Give me two minutes and my calculator watch, and I'll do the same
without exerting any little gray cells." I don't know how
Mr. Tartakovsky would accomplish that proof on a calculator watch, but
the following is my scheme function that enumerates numbers starting
at 1 and stops when it finds a number that is expressable in two
seperate ways by summing the cubes of two positive numbers. And it
indeeds returns 1729.
There are two areas where I would appreciate suggestions for
improvement. One area is, being new to scheme, style and idiom. The other area is around the calculations. Sisc
does not return exact numbers for roots, even when they could be. For
example (expt 27 1/3) yields 2.9999999999999996. But I do get exact
retults when cubing an exact number, (expt 3 3) yields 27. My
solution was to get the exact floor of a cube root and then test
against the cube of the floor and the cube of the floor plus one,
counting as a match if either match. This solution seems messy and hard to reason about.
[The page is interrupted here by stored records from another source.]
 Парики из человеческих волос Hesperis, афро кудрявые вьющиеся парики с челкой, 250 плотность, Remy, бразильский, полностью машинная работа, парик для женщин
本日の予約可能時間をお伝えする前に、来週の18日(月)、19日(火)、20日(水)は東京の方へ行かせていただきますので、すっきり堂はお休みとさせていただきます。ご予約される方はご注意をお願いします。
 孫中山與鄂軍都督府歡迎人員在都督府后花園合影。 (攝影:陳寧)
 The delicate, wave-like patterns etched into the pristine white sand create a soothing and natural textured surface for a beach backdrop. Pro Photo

Is there a more straightforward way?
; Find the Hardy-Ramanujan number, which is the smallest positive
; integer that is the sum of the cubes of two positivie integers in
; two seperate ways.
(define (hardy-ramanujan-number)
(let ((how-many-sum-of-2-positive-cubes
; while i^3 + 1 < n/1
; tmp := exact_floor(cube-root(n - i^3))
; if n = i^3 + tmp^3 or n = i^3 + (tmp + 1) ^3 then count := count + 1
; return count
(lambda (n)
(let ((cube (lambda (n) (expt n 3)))
(cube-root (lambda (n) (inexact->exact (expt n 1/3)))))
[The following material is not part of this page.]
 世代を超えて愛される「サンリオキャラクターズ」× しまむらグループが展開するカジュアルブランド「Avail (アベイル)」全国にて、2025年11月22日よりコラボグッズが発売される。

(let iter ((i 1) (count 0))
(if (> (+ (expt i 3) 1) (/ n 2))
count
(let* ((cube-i (cube i))
(tmp (floor (cube-root (- n cube-i)))))
(iter (+ i 1)
(+ count
(if (or (= n (+ cube-i (cube tmp)))
(= n (+ cube-i (cube (+ tmp 1)))))
1
0))))))))))
(let iter ((n 1))
(if (= (how-many-sum-of-2-positive-cubes n) 2)
n
(iter (+ 1 n))))))
Your code looks mostly fine, I see a few very minor things to comment on:
There's no need to define cube and cube-root at the innermost scope,
Using define for internal functions makes it look a little clearer,
This is related to the second part of your question: you're using inexact->exact on a floating point number which can lead to large rationals (in the sense that you allocate a pair of two big integers) -- it would be better to avoid this,
Doing that still doesn't solve the extra test that you do -- but that's only because you're not certain if you have the right number of if you missed by 1. Given that it should be close to an integer, you can just use round and then do one check, saving you one test.
Fixing the above, and doing it in one function that returns the number when it's found, and using some more "obvious" identifier names, I get this:
(define (hardy-ramanujan-number n)
(define (cube n) (expt n 3))
(define (cube-root n) (inexact->exact (round (expt n 1/3))))
(let iter ([i 1] [count 0])
(if (> (+ (cube i) 1) (/ n 2))
(hardy-ramanujan-number (+ n 1))
(let* ([i^3 (cube i)]
[j^3 (cube (cube-root (- n i^3)))]
[count (if (= n (+ i^3 j^3)) (+ count 1) count)])
(if (= count 2) n (iter (+ i 1) count))))))
I'm running this on Racket, and it looks like it's about 10 times faster (50ms vs 5ms).
Different Schemes behave differently when it comes to exact exponentiation: some return an exact result when possible, some an inexact result in all cases. You can look at ExactExpt, one of my set of implementation contrasts pages, to see which Schemes do what.